**What is required**:
Transcribe all of the data exactly. Omit the pictures.

**Source material**:
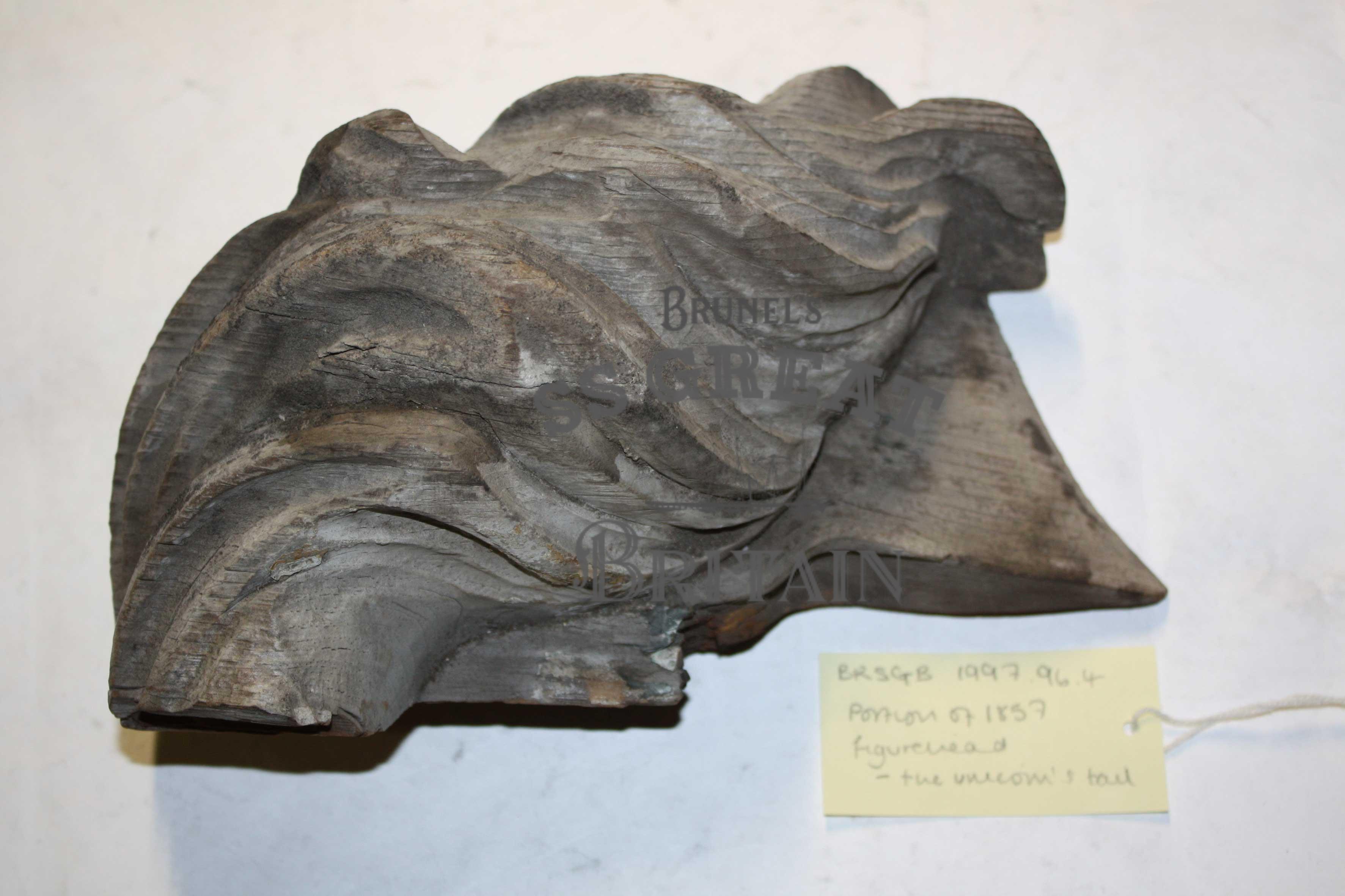 DescriptionA fragment of the 1857 figurehead of ss Great Britain. It would be a part of the unicorn, possibly the tail piece. Earthy grey in colour with little surface dirt. In relatively good condition.
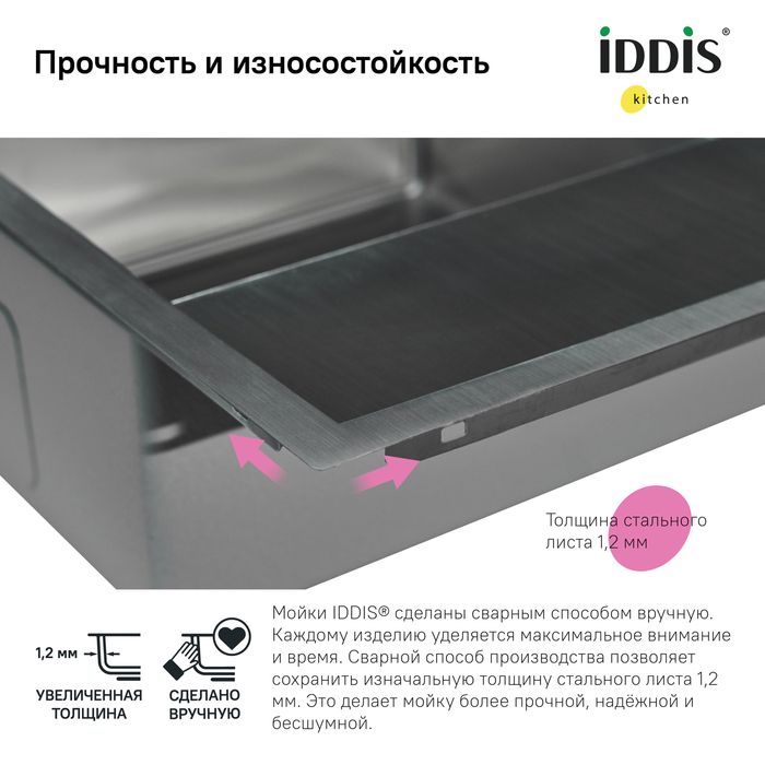 Изготовлена из нержавеющей стали, которая не боится бытовой химии и царапин. Ручная обработка позволяет сохранить изначальную толщину стали (1,2 мм) на всех элементах мойки, что обеспечивает ее надежность, ударопрочность и износостойкость.
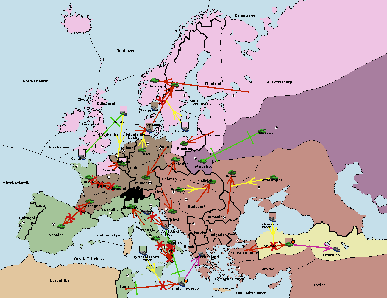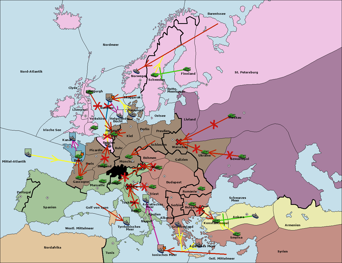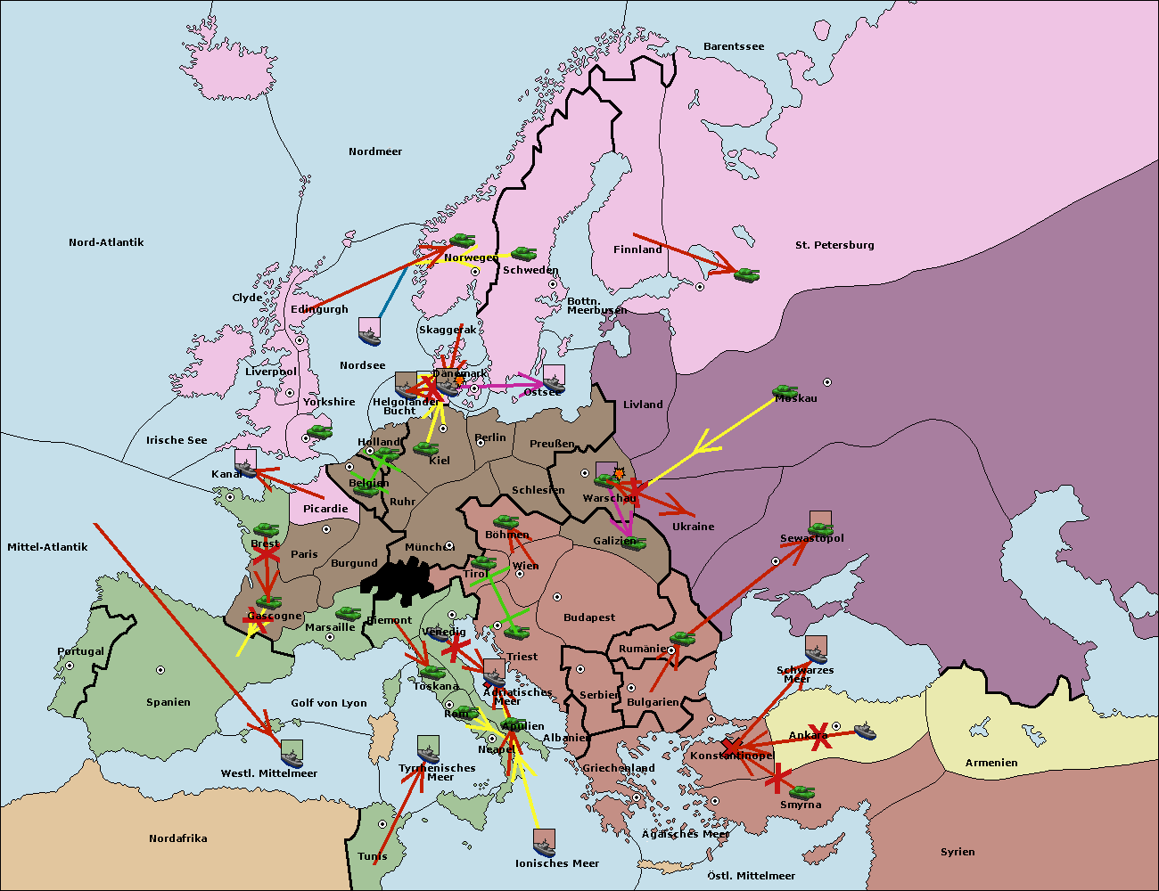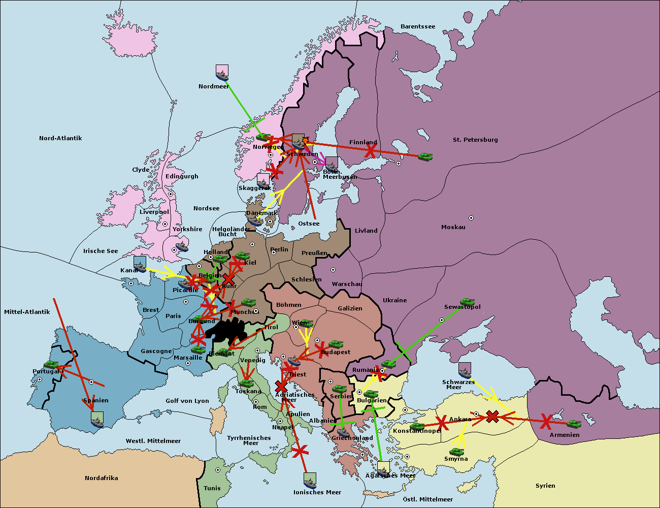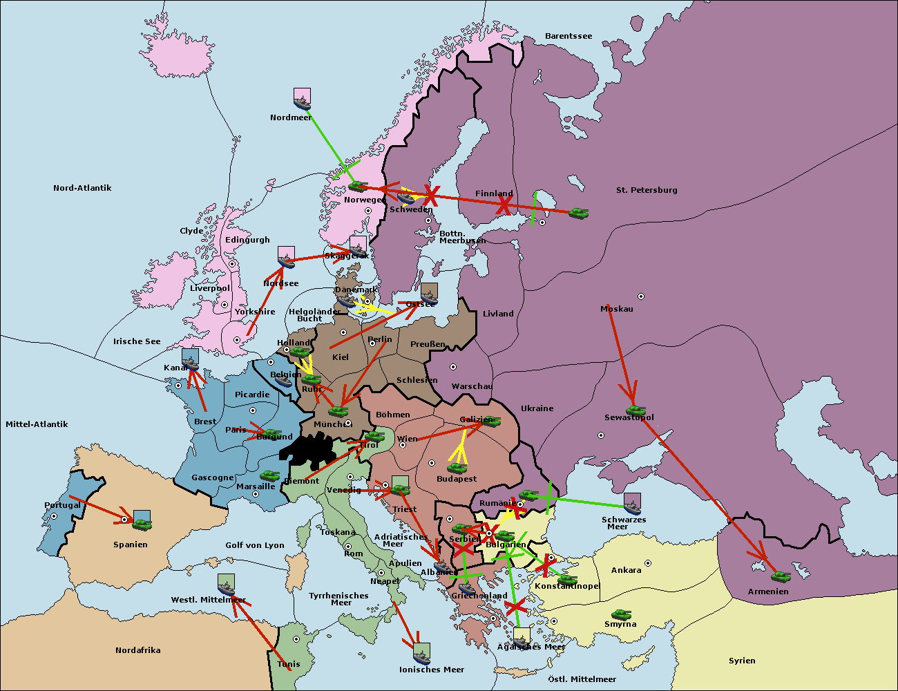 • Die Flotte in Nord Afrika support hold nach westl. Mittelmeer.

**Task output**:
 DescriptionA fragment of the 1857 figurehead of ss Great Britain. It would be a part of the unicorn, possibly the tail piece. Earthy grey in colour with little surface dirt. In relatively good condition.
 Изготовлена из нержавеющей стали, которая не боится бытовой химии и царапин. Ручная обработка позволяет сохранить изначальную толщину стали (1,2 мм) на всех элементах мойки, что обеспечивает ее надежность, ударопрочность и износостойкость.
 • Die Flotte in Nord Afrika support hold nach westl. Mittelmeer.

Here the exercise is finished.